Any suggestions on what you should do to care for your mount as the years pass? What to do or what not to do.


----------



## Mitchell Ulrich

Do keep it clean.

Avoid direct exposure to sunlight, some sun is OK as long as it's not extensive as this will cause fading and dry out the hair.

Avoid direct exposure to heating and cooling registers. You dont want warm/hot/cold air blowing up or down onto the hair/fur as this causing drying and blows airborne dust directly into the hair.

Never place you mount over the fireplace even if it's been converted to nat'l gas. The heat rolling up the wall and onto the mount will reduce it's shelf life by about 1/2. Real ones will smoke damage a mount even quicker.

Do keep it clean. Take an old wool hunting sock, spray pledge (I like cedar scented) into the sock until there is a small white puddle of polish 
built up and wipe down the mount following the direction of the hair. The hair goes every which way, so pay attention to that and don't just wipe in a general direction.

Side Note....there is paint and epoxies around the eyes-ears-nose-lip line- junstions...DO NOT clean these areas as you could remove paint. To clean the eyes use a Q-tip and just enough windex to wet the tip then clean the glass in a tight, yet soft circular motion, taking care to keep contact with the lids to a minimum.


IF you mount has antlers, they tend to dry out and become brittle. To help avoid this from happening, do as above and lightly "Oil" the antlers.

DO NOT let people touch your mount. This is probably the number one killer of low hanging, child accessible mounts. The best thing to do is when you first get your 3 headed widget home, assemble the wife and kids around and allow a supervised, one time petting, using only the back of the hand. This often removes the "NO, NO, DONT TOUCH THAT!" taboo of mounted animals. Hopefully now that they've touched it and know what it feels like, they'll quickly lose interest in it but still know enough to stop their friends from wanting to pet you critters.

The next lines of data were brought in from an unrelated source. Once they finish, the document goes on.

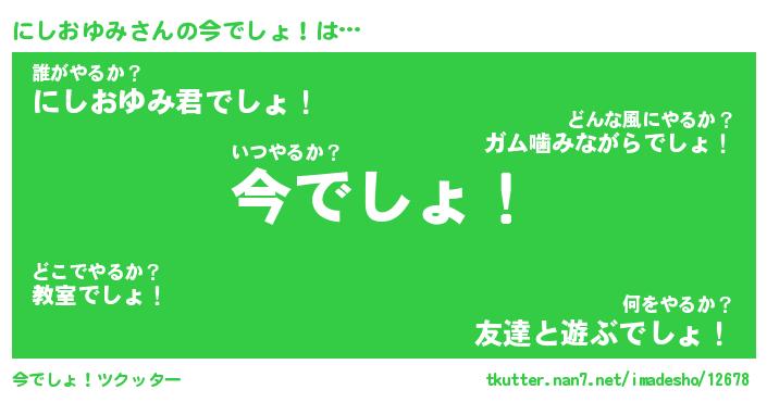 | 肩書あだ名 | 『にしおゆみ御曹司』『にしおゆみ大統領』 |
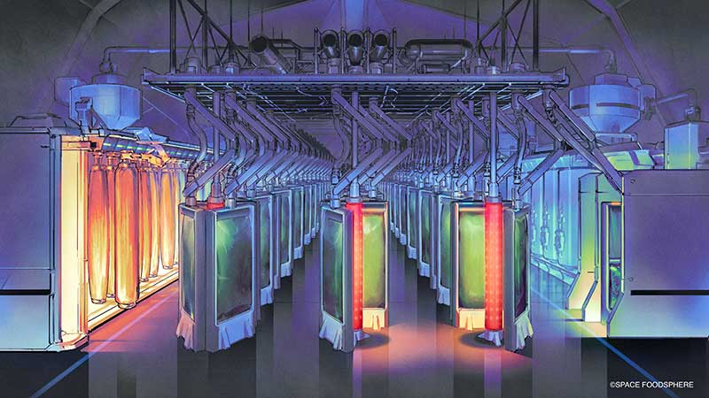 こちらは細胞培養肉、微細藻類などを生成する装置群のイメージ。タンパク質となる食料を育てるのではなく、製造するという時代が来るかもしれない
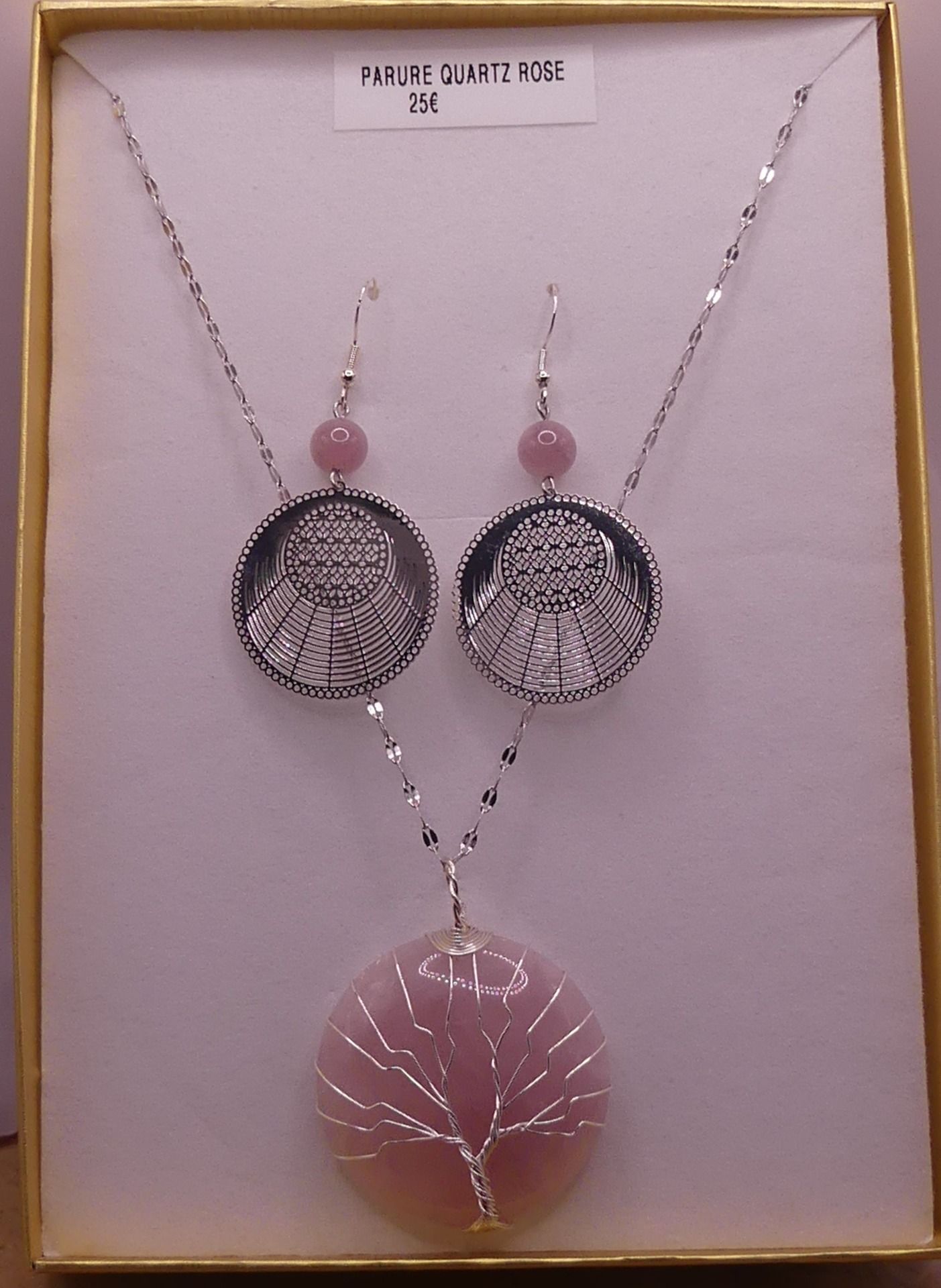 Succombez à cette parure composée de très élégantes boucles d'oreilles et d'un collier fabriqués à partir de pierre naturelle de Quartz Rose. Elles seront d'une aide précieuse pour apporter ses bienfaits tout au long de votre journée.
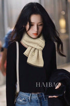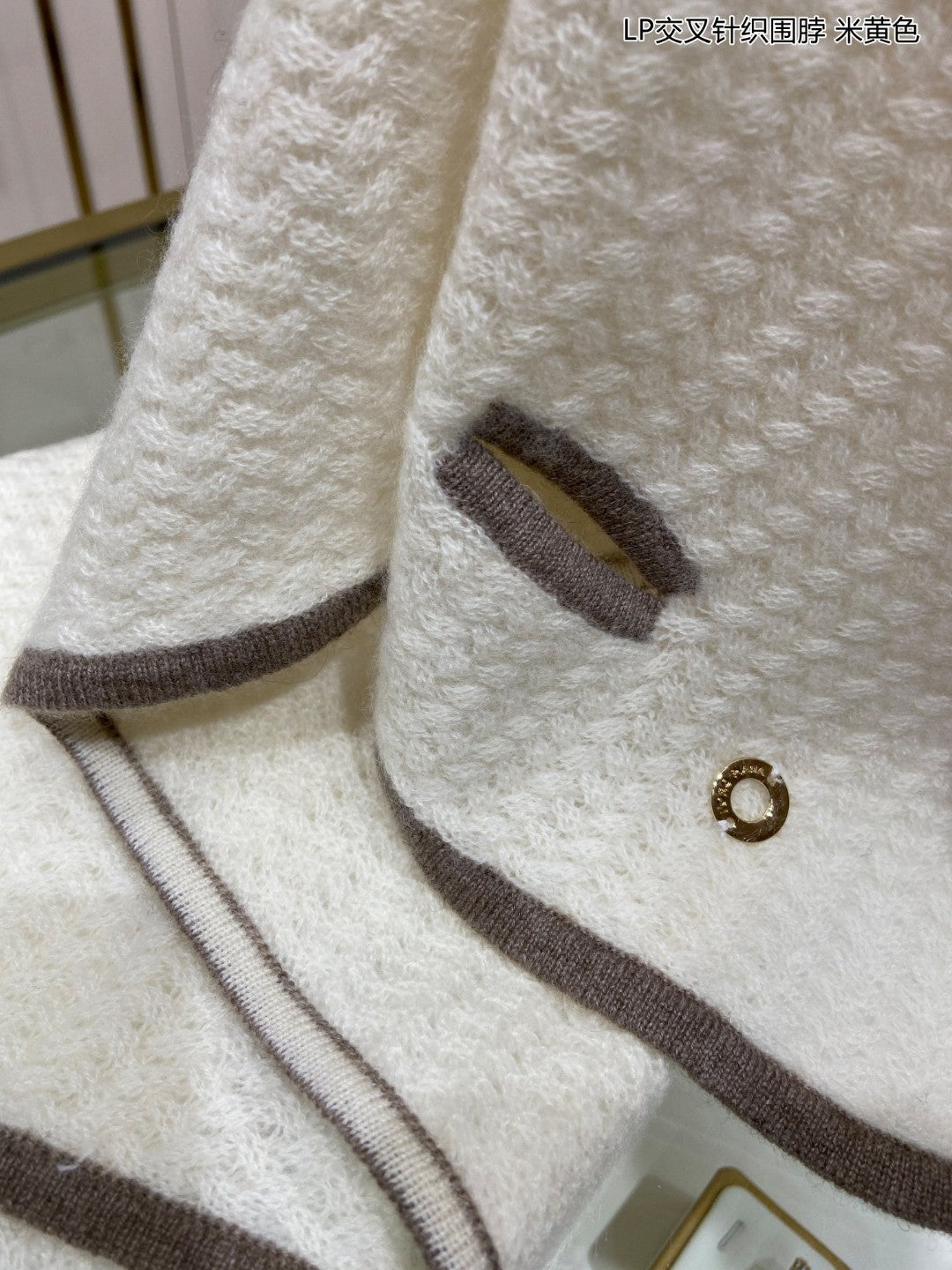LP Scarf 125 CM In Light Beige With Earth Brown Border Cashmere 201759
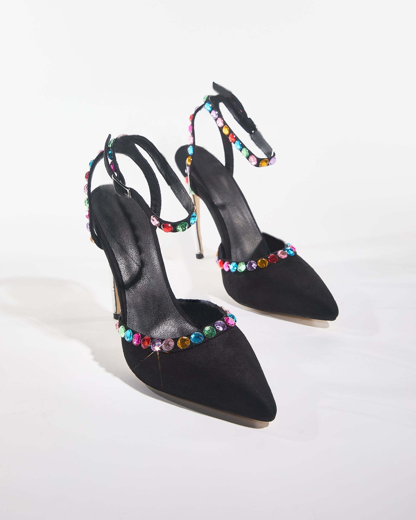 Kaya Rainbow Rhinestone Strap Pumps In Black

IF you have any more questions, just look at it like this..IF this were my Ol' lady thousand dollar fur coat..would you hand it on the wall where the sun shines on it all day, never dust it, let the kids reach up and rub their grimy hands into the fur..yadda yadda...

Mitch


----------



## U of M Fan

Thanks. This info should be a sticky.


----------



## fish patroll

U of M Fan said:


> Thanks. This info should be a sticky.


yes, i agree. very good information, well done Mitchell.


----------



## neil duffey

a VERY light application of skin so soft on thee antlers will help keep them from going brittle as well as clean them up and give them a tad of a bony shine. apply as mentioned above w/ the pledge.


----------



## QDMAMAN

Mitchell Ulrich said:


> IF you mount has antlers, they tend to dry out and become brittle. To help avoid this from happening, do as above and lightly "Oil" the antlers.
> 
> Mitch


Mitchell, What do you recommend for an "oil"?

Thanks,
Big T


----------



## Trophy Specialist

QDMAMAN said:


> Mitchell, What do you recommend for an "oil"?
> 
> Thanks,
> Big T


The last step in my mount finishing process is to apply Pledge Revitalizing Oil with a rag soaked with the stuff. It goes on looking shinny, but soaks in and then does not look shinny. It protects the antlers with a natural look.

I maintain my mounts by just going over them with a feather duster a few times a year. If dust builds up that won't come off with a feather duster (inside nostrils, ears, mouth...), I use my air hose with the compressor set on about 50 psi and blow the dust off them. In fact about every other year I blow off all of my mounts and while I have the air hose in my studio, I'll also blow the dust off everything else there too including taking my computer and sundries apart and blasting those clean too. If dirt builds up that I can dust or blow off, then I wipe it clean with a water dampened rag wiping with the grain of the hair. If the hair gets messed up on my mounts, I brush them back into shape with a horse hair brush.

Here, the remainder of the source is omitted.